António Lobo Antunes “Segundo libro de crónicas”
La muerte ha dejado de ser una noción, una palabra con la que dar nombre a la ausencia de alguien ajeno por lo lejano en el tiempo. Cuando yo era niña, la muerte era un marco en la pared con la imagen de un joven vestido con su mejor traje y zapatos relucientes cruzados en postura fingida, o la de una señora de mirada ausente con moño en la nuca y pendientes de perlas negras. Eran la muerte, siempre estuvieron allí, enmarcados en la pared, y desaparecieron con los muebles, las cortinas, las paredes, la casa, y mis abuelos.

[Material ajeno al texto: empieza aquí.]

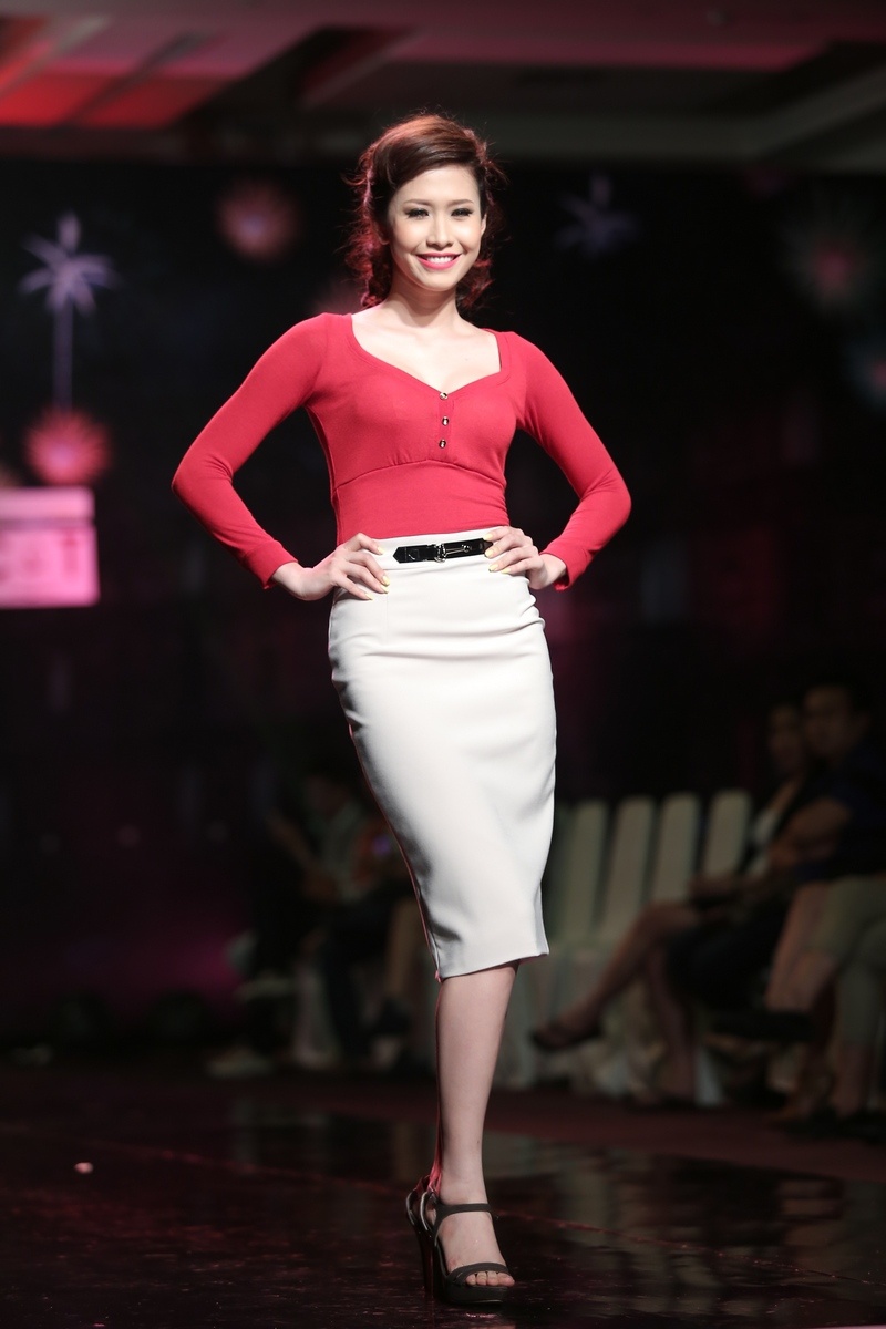 Diệu Huyền diễn trang phục công sở khá thông dụng.
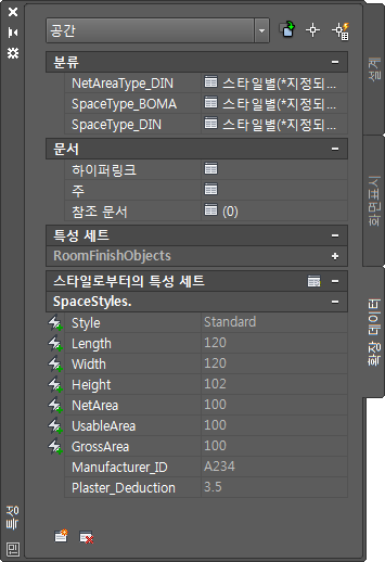 다음 과정에 따라 도면의 객체에 부착된 수동의 스타일 기반 특성 세트 데이터 값을 편집하십시오.
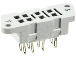 Steckdose, für R2M-Relais, zum Löten. Abmessungen: 40,5 x 14 x 17,6 mm. Hinweis: Zur Sicherung des Sockels im Plattenloch ist eine Rastfeder G2M 1020 erhältlich.
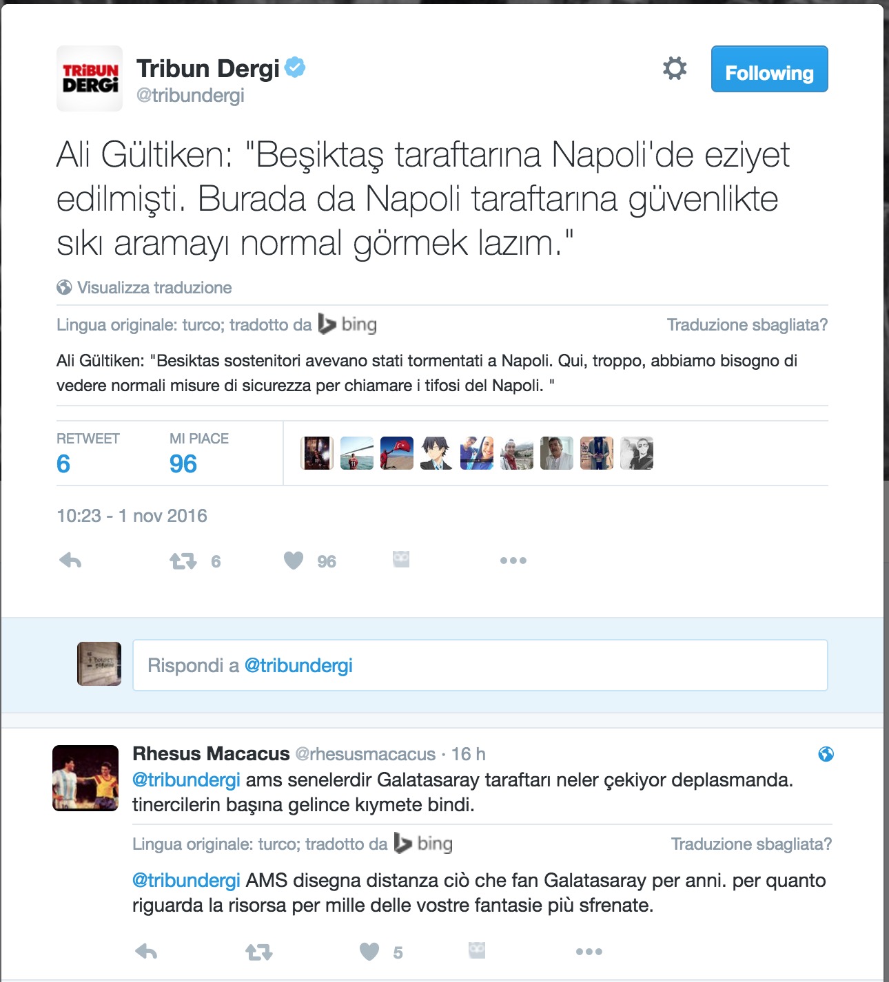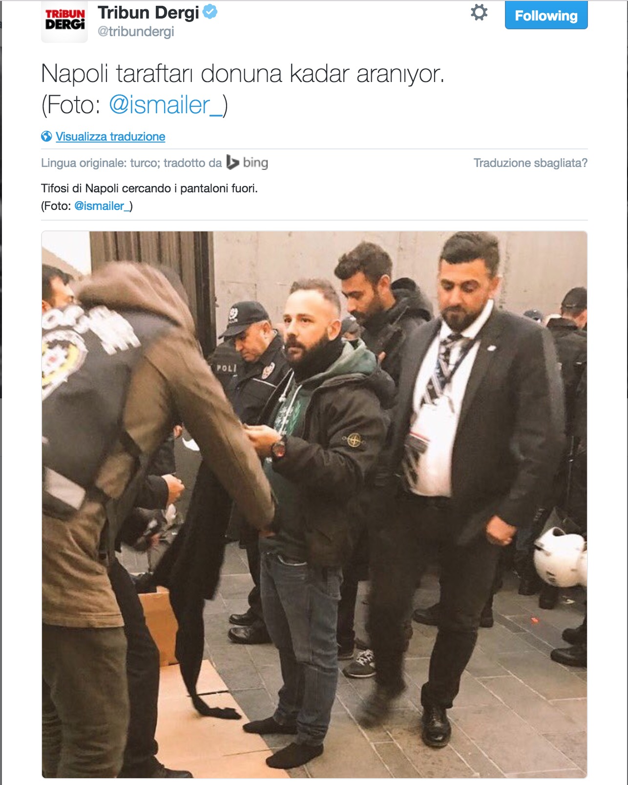 Per gli stessi testimoni citati da “Tribun Dergi”, la rissa sarebbe stata scatenata dal fatto che i napoletani erano senza biglietto e avrebbero voluto bypassare le forze di sicurezza, cosa inconcepibile nella Istanbul iper-militarizzata, nella città più importante della Turchia di Erdogan, che solo negli ultimi giorni ha epurato altri 10 mila dipendenti pubblici e ha autorizzato un blitz della polizia contro uno degli ultimi giornali di opposizione, Cumhuriyet.

Hago memoria y recuerdo el silencio de mi abuelo sentado en una silla apoyada en la pared de la fachada de la casa. Recuerdo cómo canturreaba entre dientes, apenas se le oía, y miraba a lo lejos, hacia los sembrados salpicados de girasoles, y yo veía en sus ojos azules un campo preñado de flores amarillas. Estaba como ausente, esperando otro día, y otro, y otro… hasta que su ausencia se levantó de la silla para mirar hacia los girasoles desde un marco en la pared. Fue entonces cuando la muerte me empezó a doler, y con el paso de los años y la ausencia de los seres queridos, la muerte ha dejado de ser una noción sin nombre enmarcada en la pared. Ahora me hablan con los ojos, los siento cerca y me duelen, porque cada ausencia de alguien querido nos amputa un trozo por dentro, el corazón deja de ser un todo y se convierte en un latido de trozos de piel fina y quebradiza que a la mínima se rompe si aireas las sábanas de la memoria.
Has vivido con ellos y han desaparecido obligándote a aprender a vivir, y aprender a vivir es aprender a morir. Porque la muerte no tiene nombre si no te toca la piel del corazón.